* **Your goal**
Copy nothing but the lines below, from the one with "Current Spread: 55.16" through the one with "外寸(車輪含む):H55cm×W37cm×D23cm", exactly as written; no pictures should appear.

Data for processing START

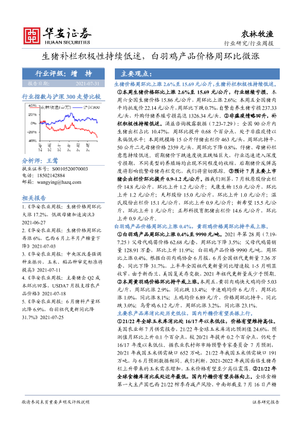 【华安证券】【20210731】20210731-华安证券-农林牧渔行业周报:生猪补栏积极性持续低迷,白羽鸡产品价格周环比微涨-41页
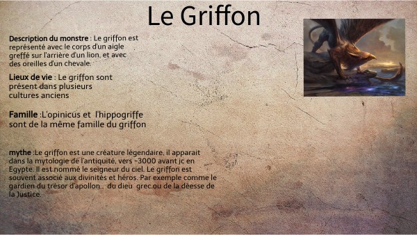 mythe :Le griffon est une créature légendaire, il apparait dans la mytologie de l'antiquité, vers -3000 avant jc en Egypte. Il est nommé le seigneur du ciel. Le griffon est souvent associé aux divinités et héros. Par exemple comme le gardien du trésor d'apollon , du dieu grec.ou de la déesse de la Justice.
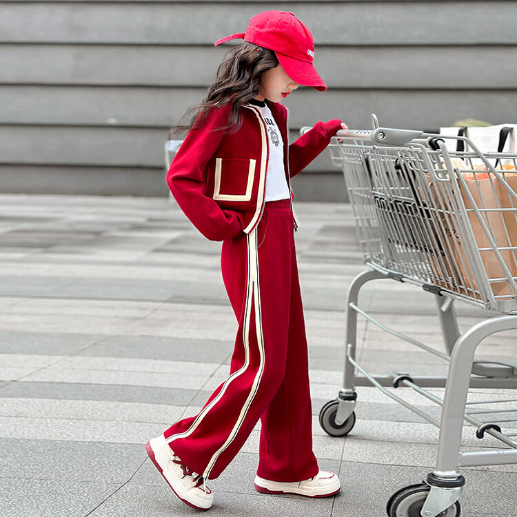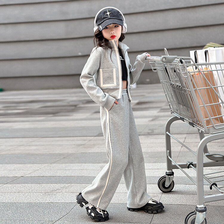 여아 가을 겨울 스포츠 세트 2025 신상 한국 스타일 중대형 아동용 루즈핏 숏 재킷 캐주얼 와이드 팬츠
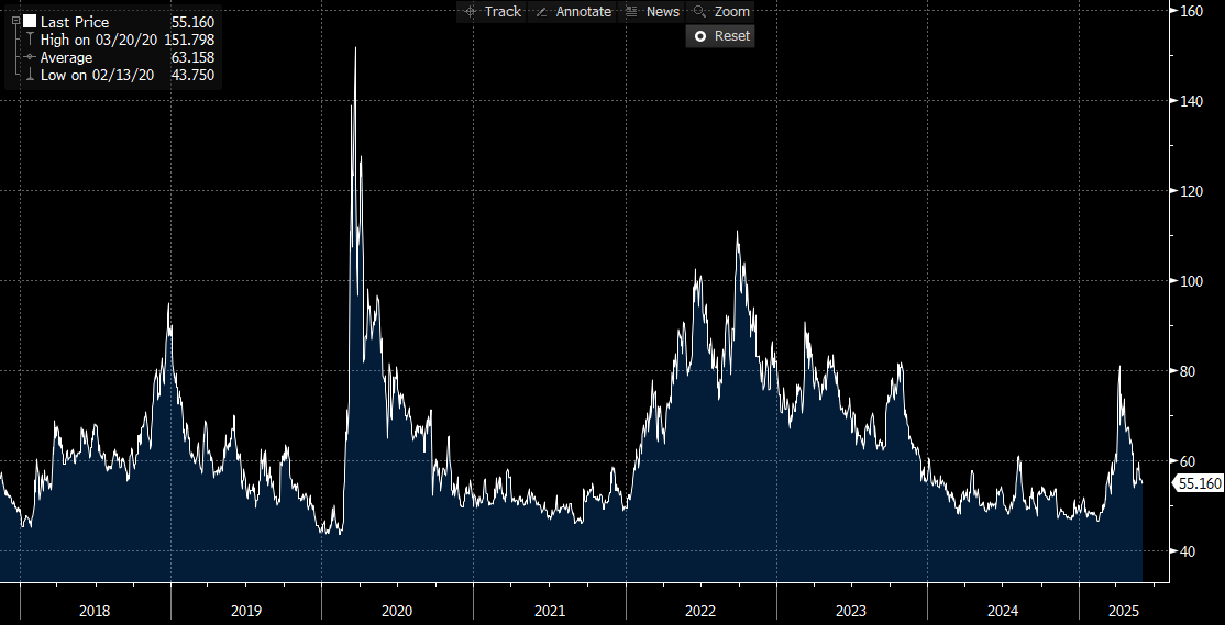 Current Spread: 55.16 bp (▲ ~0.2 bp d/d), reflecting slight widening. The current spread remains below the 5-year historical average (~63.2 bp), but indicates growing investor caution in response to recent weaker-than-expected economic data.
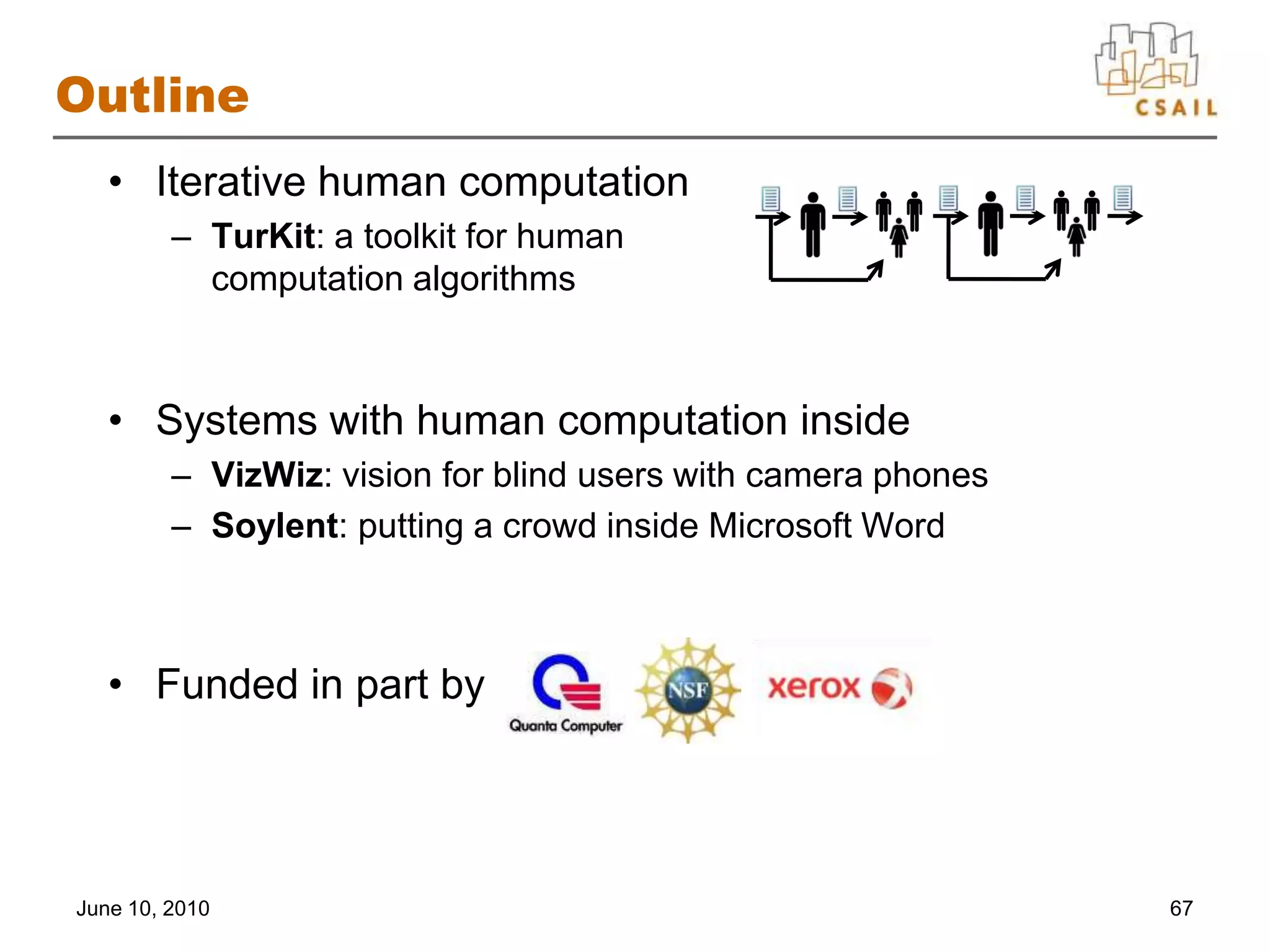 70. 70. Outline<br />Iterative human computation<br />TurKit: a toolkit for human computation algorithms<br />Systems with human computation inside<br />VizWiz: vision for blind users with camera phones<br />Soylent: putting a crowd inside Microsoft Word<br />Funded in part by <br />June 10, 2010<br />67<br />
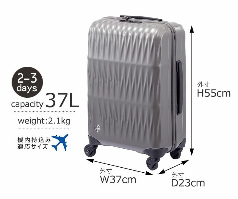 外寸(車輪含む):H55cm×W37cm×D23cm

Data for processing END
Data for processing START

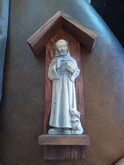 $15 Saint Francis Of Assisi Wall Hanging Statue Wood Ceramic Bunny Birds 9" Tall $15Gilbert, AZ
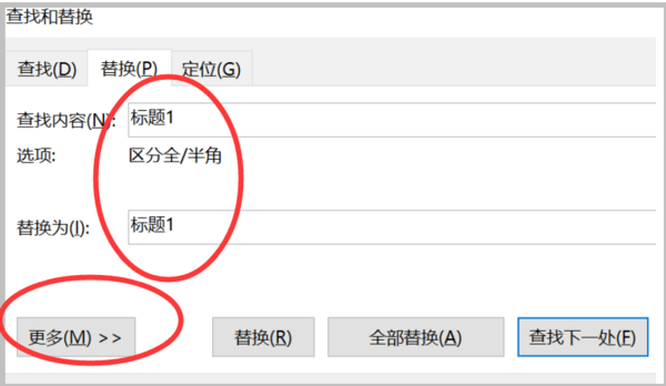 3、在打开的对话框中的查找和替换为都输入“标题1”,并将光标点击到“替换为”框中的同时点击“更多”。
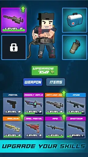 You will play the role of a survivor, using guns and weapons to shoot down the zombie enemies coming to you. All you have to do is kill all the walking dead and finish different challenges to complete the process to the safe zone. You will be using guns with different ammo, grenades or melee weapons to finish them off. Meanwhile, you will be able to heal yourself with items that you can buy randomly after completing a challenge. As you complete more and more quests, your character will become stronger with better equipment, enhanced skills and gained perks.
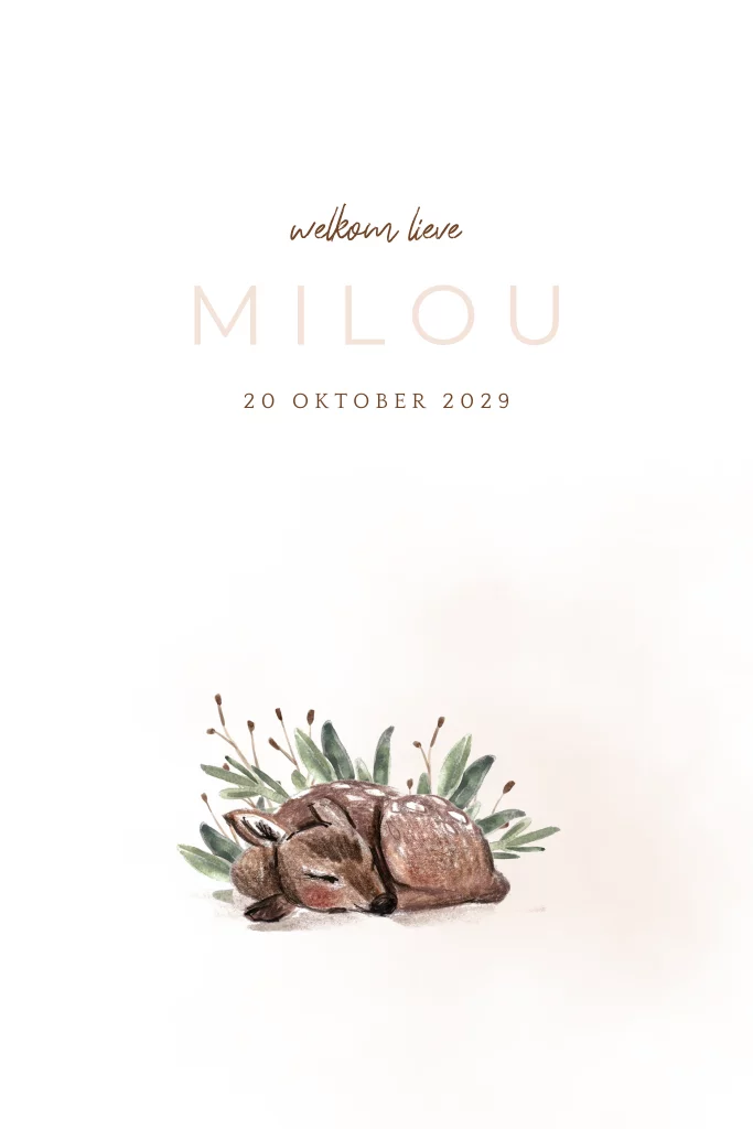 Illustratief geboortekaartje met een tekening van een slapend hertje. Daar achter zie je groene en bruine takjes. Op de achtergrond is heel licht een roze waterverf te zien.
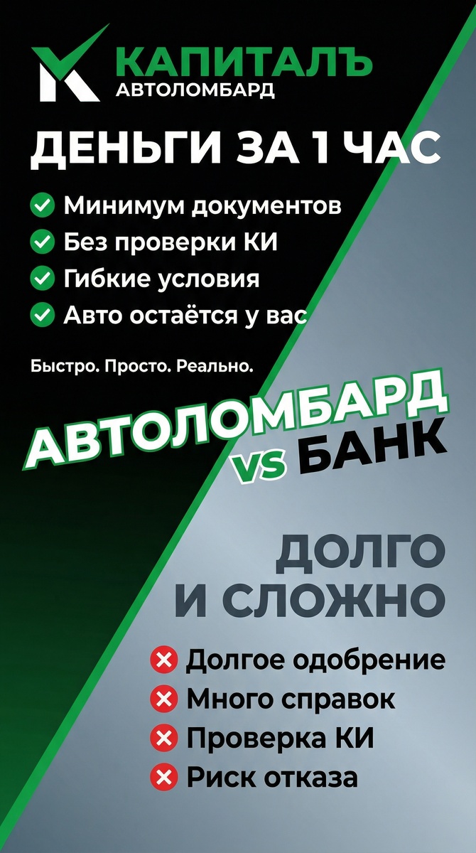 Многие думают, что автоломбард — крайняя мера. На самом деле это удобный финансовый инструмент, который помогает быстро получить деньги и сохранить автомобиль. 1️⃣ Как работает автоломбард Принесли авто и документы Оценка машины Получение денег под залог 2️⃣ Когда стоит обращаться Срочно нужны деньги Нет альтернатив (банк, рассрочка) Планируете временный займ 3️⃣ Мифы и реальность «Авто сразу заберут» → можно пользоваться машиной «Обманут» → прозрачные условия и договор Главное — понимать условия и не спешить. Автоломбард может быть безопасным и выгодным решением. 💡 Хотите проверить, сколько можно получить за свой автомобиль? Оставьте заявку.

Data for processing END
Data for processing START

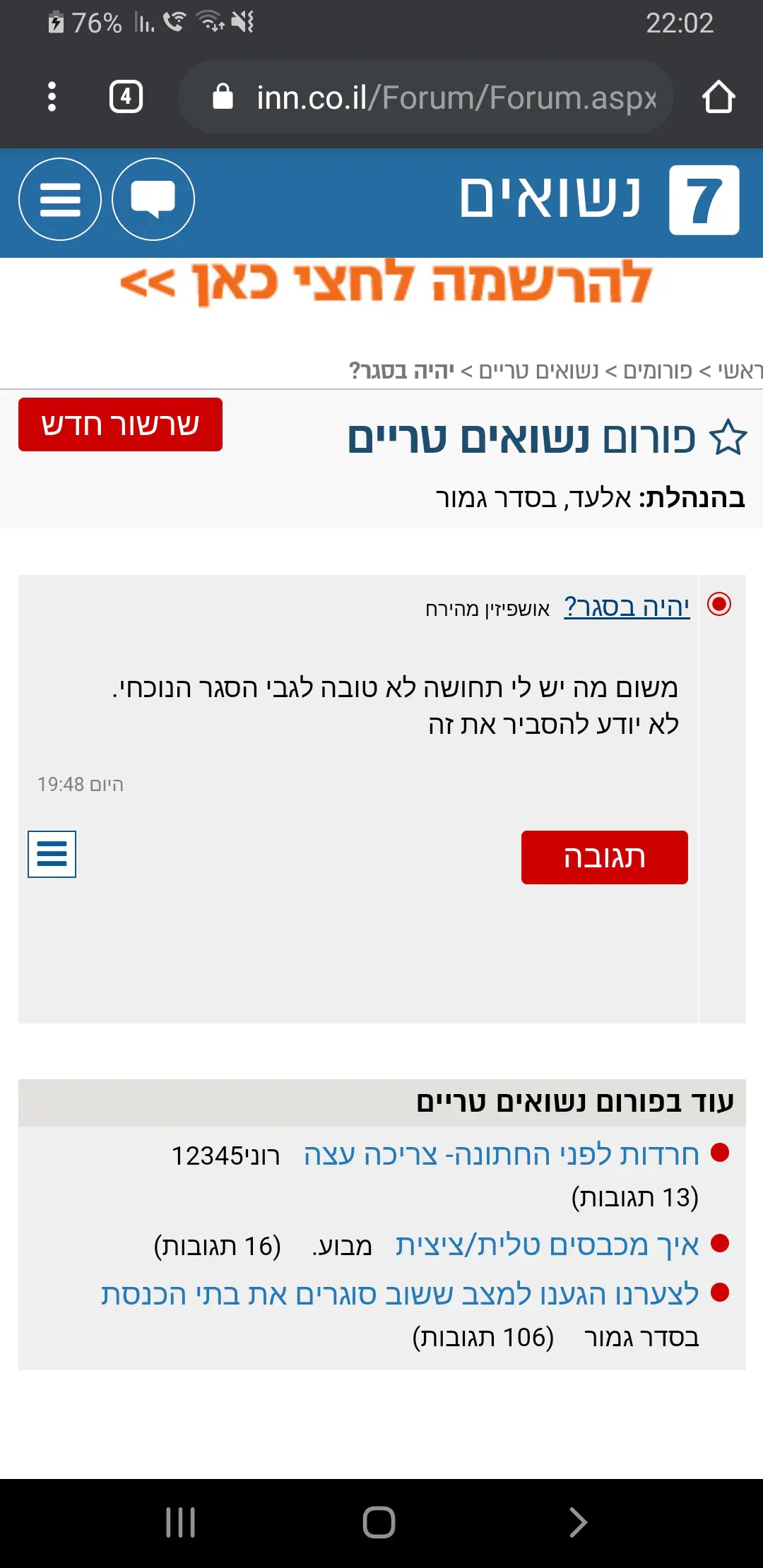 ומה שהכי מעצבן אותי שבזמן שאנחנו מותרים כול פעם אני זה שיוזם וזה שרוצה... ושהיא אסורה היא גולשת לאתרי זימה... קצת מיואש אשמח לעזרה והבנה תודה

Data for processing END

* **Exercise response**
 Current Spread: 55.16 bp (▲ ~0.2 bp d/d), reflecting slight widening. The current spread remains below the 5-year historical average (~63.2 bp), but indicates growing investor caution in response to recent weaker-than-expected economic data.
 70. 70. Outline<br />Iterative human computation<br />TurKit: a toolkit for human computation algorithms<br />Systems with human computation inside<br />VizWiz: vision for blind users with camera phones<br />Soylent: putting a crowd inside Microsoft Word<br />Funded in part by <br />June 10, 2010<br />67<br />
 外寸(車輪含む):H55cm×W37cm×D23cm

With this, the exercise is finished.